I love long weekends. We should all have a long weekend 1 or 2 times a month. More than that wouldn't work because it would just become normal, and wouldn't seem like a treat. I haven't decided what I'm going to do with my extra day yet. Joe is handing me all the sales fliers for the Labor Day Sales. That sounds like permission if you ask me. "Here honey. Anything in these fliers is fair game for your purchasing pleasure. Enjoy!"

Have a great Labor Day. Don't forget...after tomorrow, you need to leave your white shoes in the closet until Memorial Day. =)

Saturday, September 1, 2007

Sigh

Sarah's room. AKA: Spider Haven

At the risk of being redundant, guess what I found when I opened my knitting bag? Yup. A spider. What the heck? This one I took outside because I was closer to the door than the bathroom. It took some serious convincing to get the spider to come out. Eventually, it took some serious shaking of the bag.


So, I've just spent the last 1/2 hour on-line trying to get information on how to get rid of spiders in your home. After reading many articles, I have come to the following conclusions:


1. It's not easy to kill spiders with "products".

2. The best way to get rid of spiders is to get rid of other bugs. OTHER BUGS? What????

3. One person suggested getting some of those sticky things to trap mice. I might try that.

But what if I catch a mouse? That would be just as bad.

4. Keeping a clean house is a good way to get rid of spiders. I think this means that the only way to get my house clean is to get rid of Sarah. Her room alone is probably a haven for many, many spiders.

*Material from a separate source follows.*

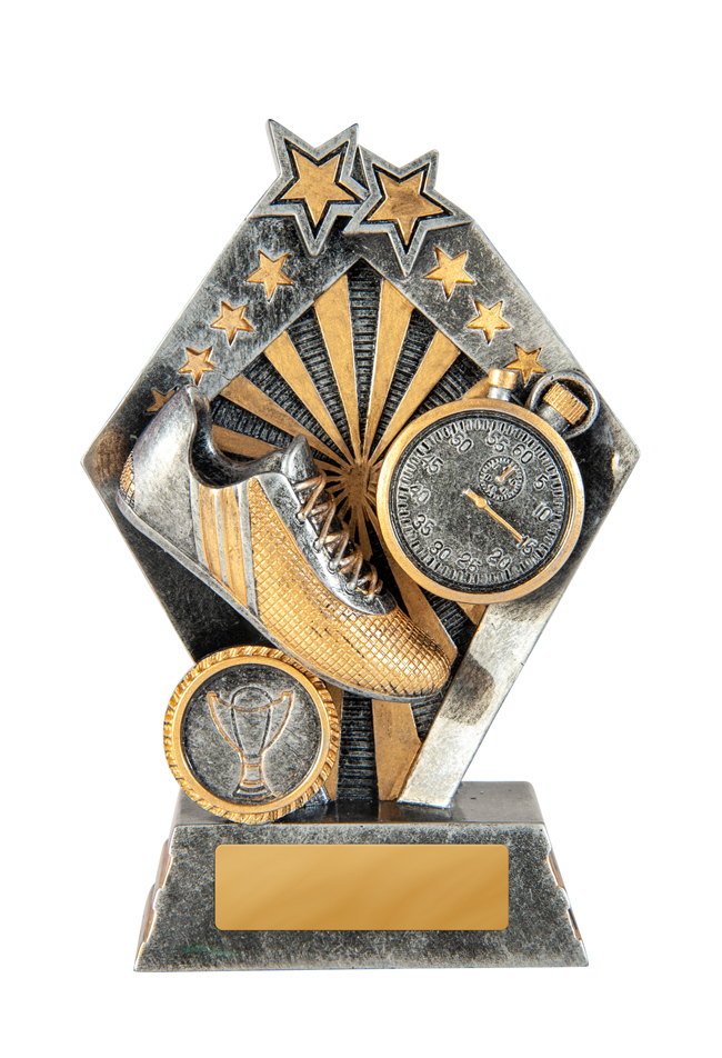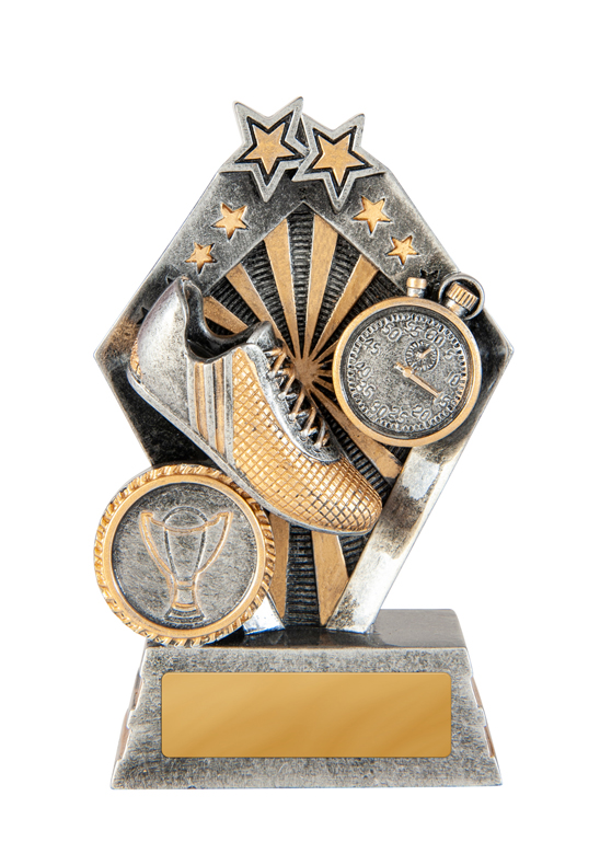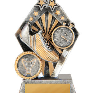 Celebrate achievement in athletics with this thoughtfully crafted trophy from the Sunrise Series. Showcasing a running shoe, stopwatch, and trophy emblem, its design symbolises sporting excellence. Available in a gold and silver finish and crafted from durable resin, this award comes in three sizes and is a trusted choice for athletics medal presentations.

They probably just come downstairs to play. See above picture. It should be noted that this is what her room looks like AFTER she cleaned it.

Proof that Sofi is occasionally friendly...


Here is a rare photo showing Sofi actually sitting on my lap and looking happy doing it. And Yuki is cuddling like his normal affectionate self.

Spiders, spiders, spiders



Another spider. And bold as can be. It just sat there and let me take it's picture. We told the office about all the spiders and they said they would spray for them, but nothing so far. I think it's time to take matters into my own hands...

If you are wondering, this is the SAME bathroom in which I flushed the other two spiders down the toilet. This one joined the others. Yuck.